The specific method of step 5: and calculating the yield of the production well according to the saturation value and the pressure value of the well point obtained by calculation of the neural network model, wherein the calculation is based on a Peaceman model, and the calculation formula is as follows:
Figure BDA0003396673530000041
wherein k isiIs the absolute permeability, k, of the ith meshr,αIs the relative permeability of water or oil, S, at the ith cellw,iIs the value of water saturation at the ith grid, Δ z is the grid width, PiAnd PwellRespectively the pressure at the ith grid and the wellbore pressure,
Figure BDA0003396673530000042
Δ x and Δ y are the widths of the model mesh in both x and y directions, rwIs the borehole radius, μαIs the viscosity of water or oil.
In order to obtain more accurate yield calculation results, a correction method is proposed, namely constraints at the well are added on the basis of a neural network model loss function, and the modified loss function formula is as follows:
Figure BDA0003396673530000043
wherein n is the total number of training set samples, m is the number of wells in the model, yiAnd
Figure BDA0003396673530000044
the calculation results of a plurality of time steps of the numerical simulator in the ith grid and the calculation result of the neural network model are respectively obtained, w is the weight coefficient of the constraint phase, and the specific numerical value of the weight coefficient is obtained by a grid searching method.

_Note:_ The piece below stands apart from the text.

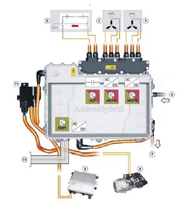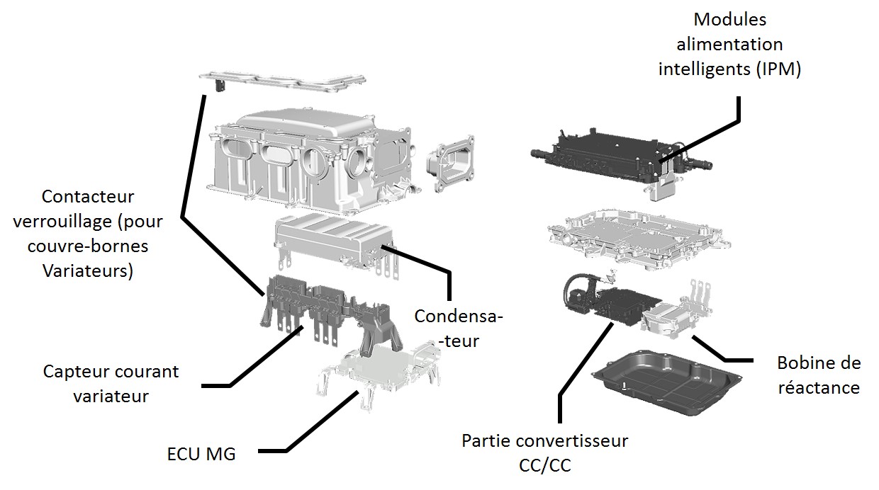 Pour que l'ensemble fonctionne, les véhicules électriques et hybrides disposent d'une électronique de puissance qui va transformer le courant continu de la batterie en courant alternatif pour le moteur lors des phases de roulage. Cette électronique de puissance va aussi transformer le courant alternatif du moteur en courant continu pour recharger la batterie lors des phases de décélération.

The invention has the beneficial effects that: according to the invention, by constructing a proxy model of the oil-water two-phase flow physical problem, the mapping of the saturation and the pressure field from the permeability field and the relative permeability vector to a plurality of time steps can be realized, and further the production well yield can be calculated; compared with the traditional numerical reservoir simulation method based on a finite element or finite volume principle, the method can realize reservoir production prediction with similar precision and greatly improved speed, thereby saving a great deal of time for the reservoir history fitting process; compared with the existing agent model method, the method can take more geological parameters into consideration, is more consistent with the actual oil deposit, and the more the input parameters are considered, the more the parameter key constraint relation is, and the more accurate the agent model prediction result is.
Drawings
FIG. 1 is a schematic flow diagram of the present invention;
FIG. 2 is a schematic diagram of a deep convolutional encoder decoder network structure;
FIG. 3 is a dense block diagram;
FIG. 4 is a diagram of a middle layer structure of a dense block;
FIG. 5 is a view of a connection layer structure;
FIG. 6 is a plot of saturation real field, prediction field, and error contrast;
FIG. 7 is a graph of pressure true field, predicted field, and error versus;
FIG. 8 is a comparison graph of true production from a production well, proxy model predicted production, and corrected proxy model production;
FIG. 9 is a graph of the effect of mean square error;
fig. 10 is a correlation coefficient effect graph.
Detailed Description
The technical solution of the present invention is further illustrated by the following specific examples.
Example (b):
referring to fig. 1, the history fitting prediction method based on the dual dimensions of time and space comprises the following steps:
step one, a sample library is constructed by using a numerical simulator. The input data of the sample are a permeability field image and a relative permeability vector, and the output data are a saturation field image and a pressure field image of a plurality of time steps. The sample library was read at 3: the scale of 1 divides the training set and the test set. The specific method comprises the following steps:
permeability field images were generated using an open source packet SGeMS, and equal numbers of relative permeability vectors were generated using a power law model. The numerical simulator is used for calculating the oil-water two-phase flow equation of the oil reservoir, and the calculation principle is a finite element and finite volume principle. And inputting data, namely the permeability field image and the corresponding relative permeability vector thereof, calculating to obtain a corresponding saturation field image and a corresponding pressure field image, and using the calculated data as a model label. And the input and output data are input and output according to the following ratio of 3: a scale of 1 divides the training data set and the test data set.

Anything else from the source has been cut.